TASK TO COMPLETE: Without copying any picture, return all lines below exactly.

INFORMATION SUPPLIED:
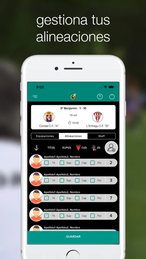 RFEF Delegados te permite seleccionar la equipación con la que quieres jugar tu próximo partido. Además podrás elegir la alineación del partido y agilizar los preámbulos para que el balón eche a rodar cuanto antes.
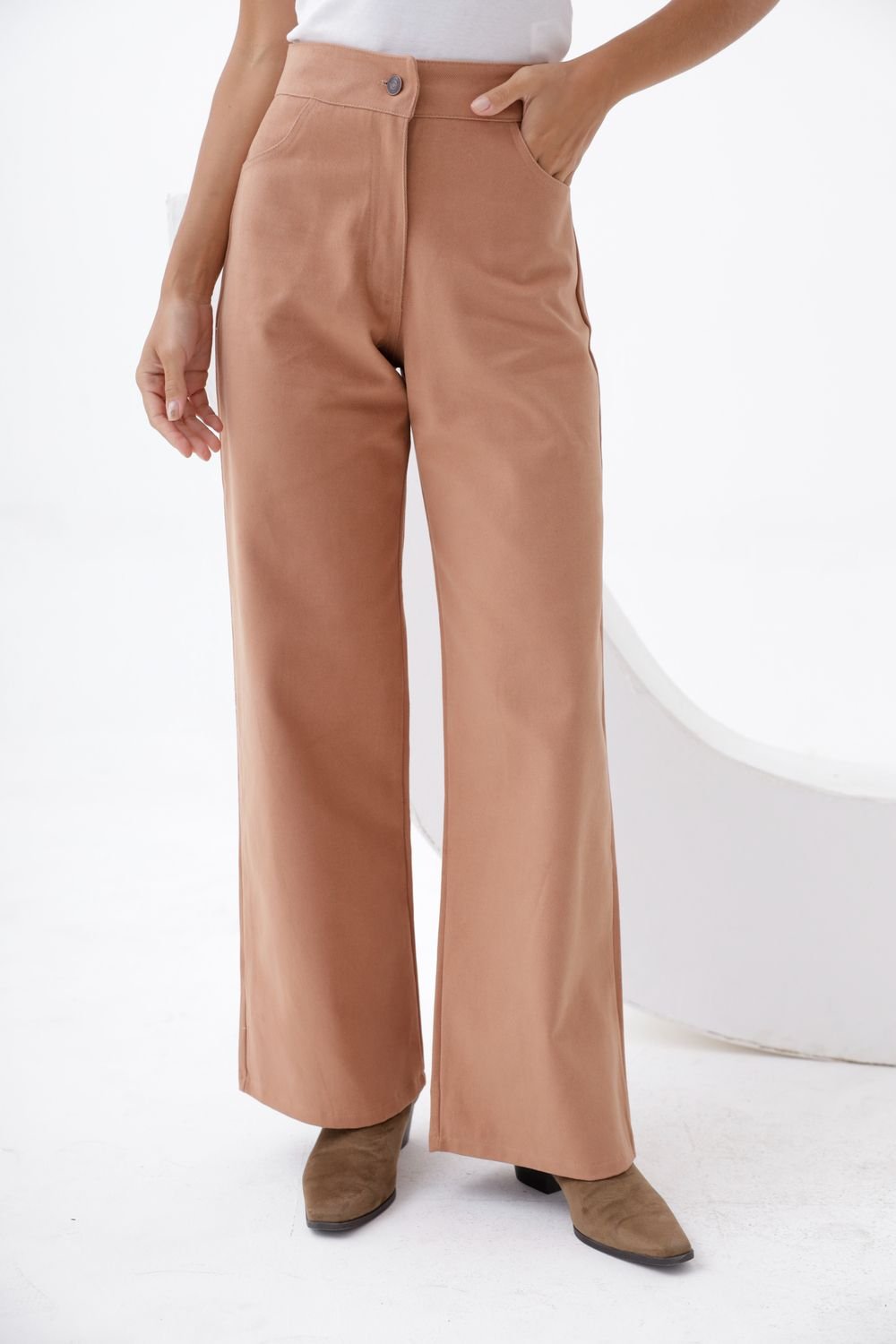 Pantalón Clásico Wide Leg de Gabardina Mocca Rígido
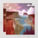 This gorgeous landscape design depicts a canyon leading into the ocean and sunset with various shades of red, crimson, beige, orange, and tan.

TASK RESULT:
 RFEF Delegados te permite seleccionar la equipación con la que quieres jugar tu próximo partido. Además podrás elegir la alineación del partido y agilizar los preámbulos para que el balón eche a rodar cuanto antes.
 Pantalón Clásico Wide Leg de Gabardina Mocca Rígido
 This gorgeous landscape design depicts a canyon leading into the ocean and sunset with various shades of red, crimson, beige, orange, and tan.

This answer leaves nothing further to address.